### WHAT THE TASK ASKS
Take the lines from the one with "OLYMP Overhemd Level" through the last line of the material below and write them out exactly, without any pictures.

### DATASET EXCERPT

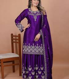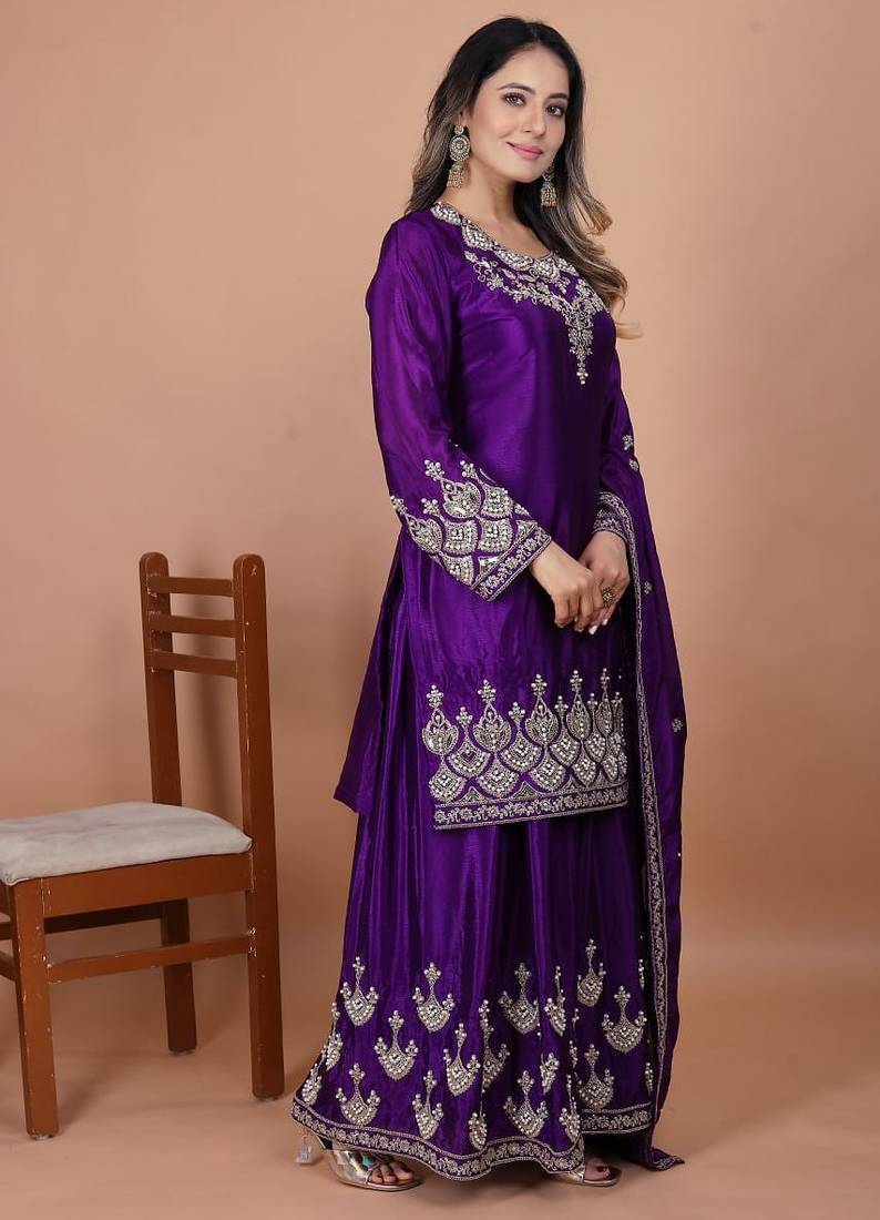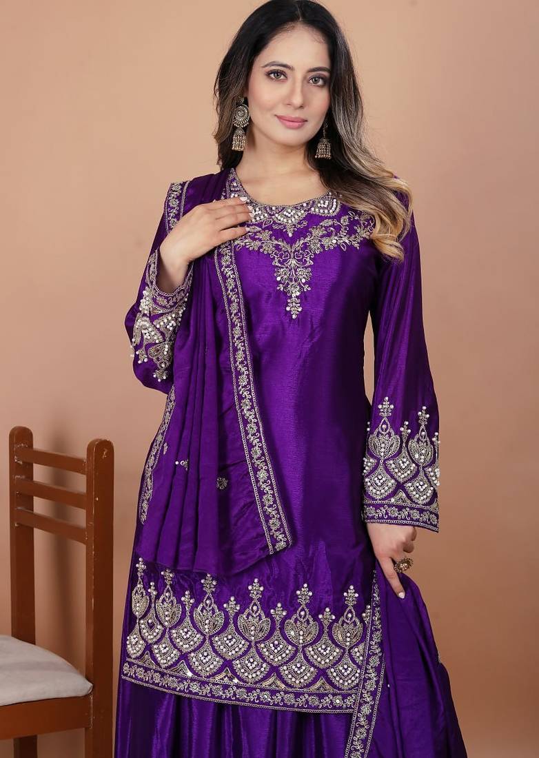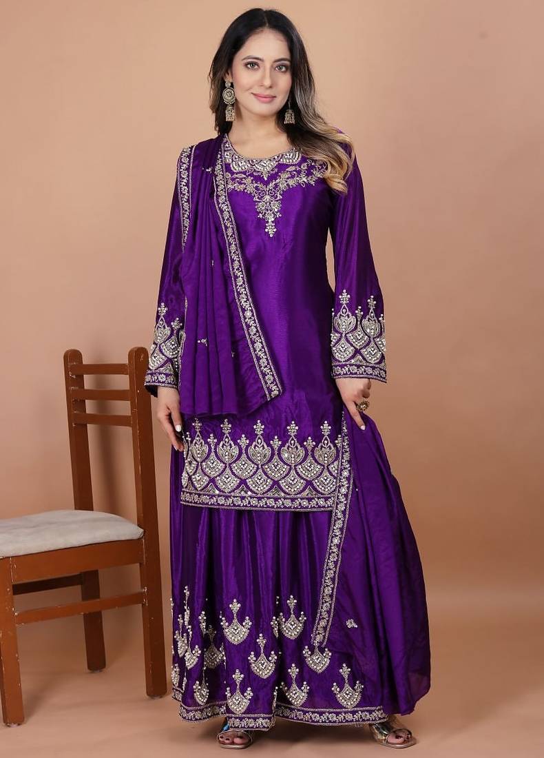 | Product Name | Purple Chinnon Embroidery Work Party Wear Plazo Suit | |
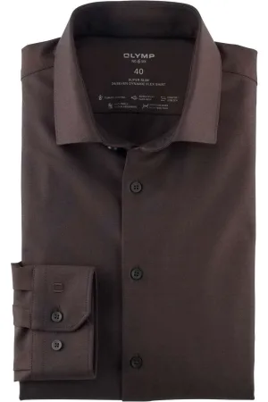 OLYMP Overhemd Level 5 24/Seven Pied de Poule Bruin
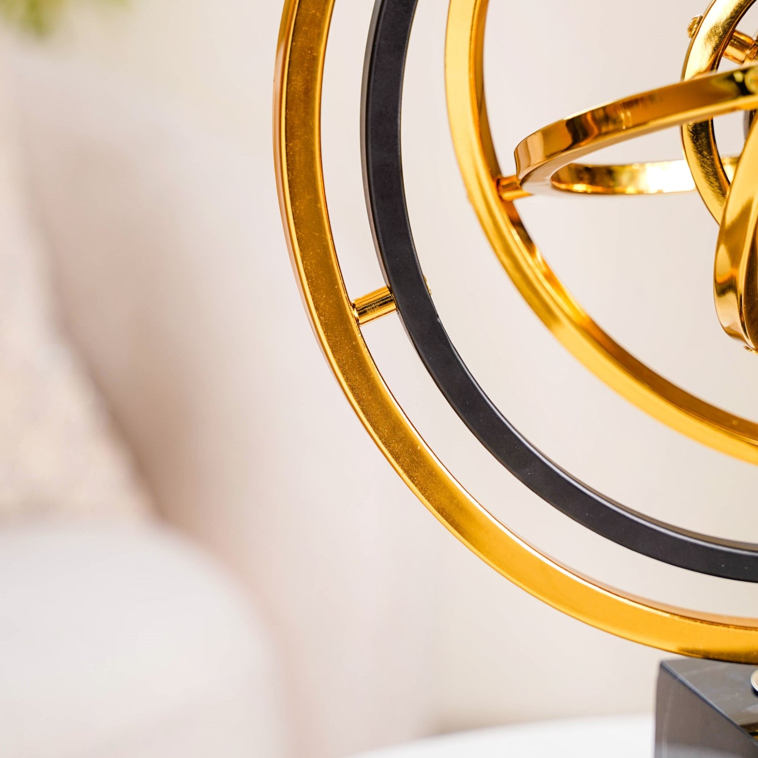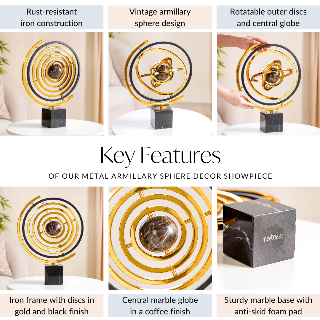 Design: An armillary sphere is a celestial model representing the heavens and the movement of celestial bodies, traditionally used in astronomy. Our metal showpiece features a vintage armillary sphere design with rotatable outer discs and a central marble globe, adding a touch of sophistication to any room. The iron frame is finished in a stylish blend of gold and black, complementing the central marble globe in a rich coffee hue.

### COMPLETED TASK
 OLYMP Overhemd Level 5 24/Seven Pied de Poule Bruin
 Design: An armillary sphere is a celestial model representing the heavens and the movement of celestial bodies, traditionally used in astronomy. Our metal showpiece features a vintage armillary sphere design with rotatable outer discs and a central marble globe, adding a touch of sophistication to any room. The iron frame is finished in a stylish blend of gold and black, complementing the central marble globe in a rich coffee hue.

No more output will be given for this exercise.